China’s race to enter mainstream tech is intensifying against not only the US but also its neighbor South Korea. With China aggressively pushing advancements of key technologies, Korea has been forced to take up the gauntlet before it is too late. The Korea Herald’s Tech Team has looked into four key areas to measure the technological gap between Korea and China and to offers forecasts about how the competition would develop. This is the third installment.

By IT Team

(3) Battery: Quality vs. price

With better technology, Korean battery giants -- LG Chem, Samsung SDI and SK Innovation -- are winning the electric vehicle battery battle, but Chinese competitor CATL is looking to use economies of scale to win the war.

While the three Korean battery makers are mass producing NCM (nickel cobalt manganese) 811 batteries with higher energy densities essential for third-generation EVs that need to travel more than 500 kilometers, CATL is sticking to LFP (lithium iron phosphate) batteries, which are bulkier and lower in energy density but more than 50 percent cheaper. 

“As part of its product portfolio management strategy, CATL is also developing LFP technologies as well as NCM in order to satisfy car makers’ technical and commercial requirements variant by electrification type. When it comes to NCM technologies, it started mass-producing NCM811 already,” said Dr. Sei-ho Kim, an analyst at a global market research firm IHS Markit.

“In the end, batteries for electric cars are most likely to become a commodity product like batteries for toy cars -- we don’t care whether its brand is Energizer or Rocket. There is a long way to go to be accepted broadly because of diversified requirements from different carmakers. Nevertheless, battery modules and packs certified for an EV of a specific brand meeting a certain technical threshold can be fitted into an EV of a different brand, for example.”

Though other experts and industry sources questioned CATL’s ability to mass-produce NCM811 batteries, the technology gap might not matter after all.

“CATL’s low-priced LFP batteries target a different market in the first place compared to LG Chem’s high quality batteries. At the end of the day, customers will decide the winner. When Chinese EVs loaded with CATL’s batteries are exported, it will give CATL a pathway to Europe,” a Posco Research Institute researcher said.

“CATL might lack EV battery technology, but if it cuts the battery price significantly in Europe with the money it made at home, German automakers might opt for CATL’s batteries as customers will be drawn to EVs that are $5,000 or $10,000 cheaper, despite their long charging times and lacking performance,” an industry source said.

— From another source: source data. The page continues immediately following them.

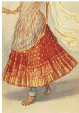
تصویر ۱۹- دامن زن راجستانی

همانطور که در تصاویر به‌دست‌آمده از لباس در گیلان مشهود است، زنان دامنی بلند و پرچین به تن می‌کرده‌اند که همچنان به همان شکل مورد استفاده قرار می‌گیرد. در پایین دامن به‌طور منظم و زیبایی نوارها و روبان‌های رنگی دوخته می‌شود (تصویر ۱۸). زنان راجستان نیز دامنی همانند زنان گیلانی به تن می‌کنند. قد دامن تا قوزک پا بلندی دارد. تزئینات روی دامن نیز مانند دامنی است که زنان گیلانی در مناطق قاسم‌آباد، املش و رودسر استفاده می‌کنند (تصویر ۱۹).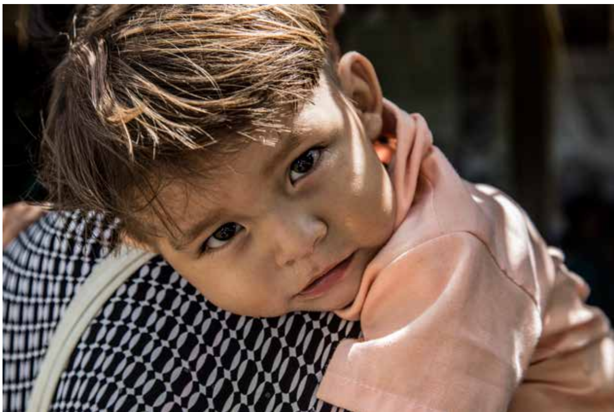
Una madre lleva a su hijo a la escuela agroecológica y territorial Manuel Quintín Lame.

E l gran fraude climático, argumentos contra la geoingeniería ( The Big Bad Fix ), informe publicado por el Grupo ETC, Biofuelwatch y la Fundación Heinrich Böll, advierte que la geoingeniería (la manipulación del clima a gran escala) está ganando aceptación en países altamente contaminantes, como una “solución” tecnológica al cambio climático, ya que esos países se niegan a cambiar sus economías basadas en combustibles fósiles. Por ello proliferan los programas y proyectos de investigación sobre geoingeniería, planeados y financiados por la industria e instituciones privadas, principalmente en los países que son grandes emisores de gases de efecto invernadero, como Estados Unidos, Reino Unido y China. El gran fraude climático analiza el contexto y riesgos de la geoingeniería, revela sus actores, intereses creados y las políticas que subyacen al avance de esquemas tecnológicos a gran escala para manipular los sistemas naturales de la Tierra.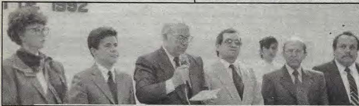
Durante la apertura del ciclo de conferencias "Introducción al Poder Judicial de la Federación", en la UAQ.

However, it is too soon to say that CATL has closed the technology gap.

“CATL is two steps behind Korean battery manufacturers. The technology gap is narrowing, but even if CATL is capable of mass production, how small it can make batteries and how high an energy density it can achieve is a different story,” said Kim Pil-soo, an automotive engineering professor at Daelim University.

“CATL can currently mass-produce NCM523 batteries. For NCM811 batteries, it can only make samples. If CATL had enough technology, it would promote NCM batteries, not LFP batteries,” an analyst from market tracker SNE Research said.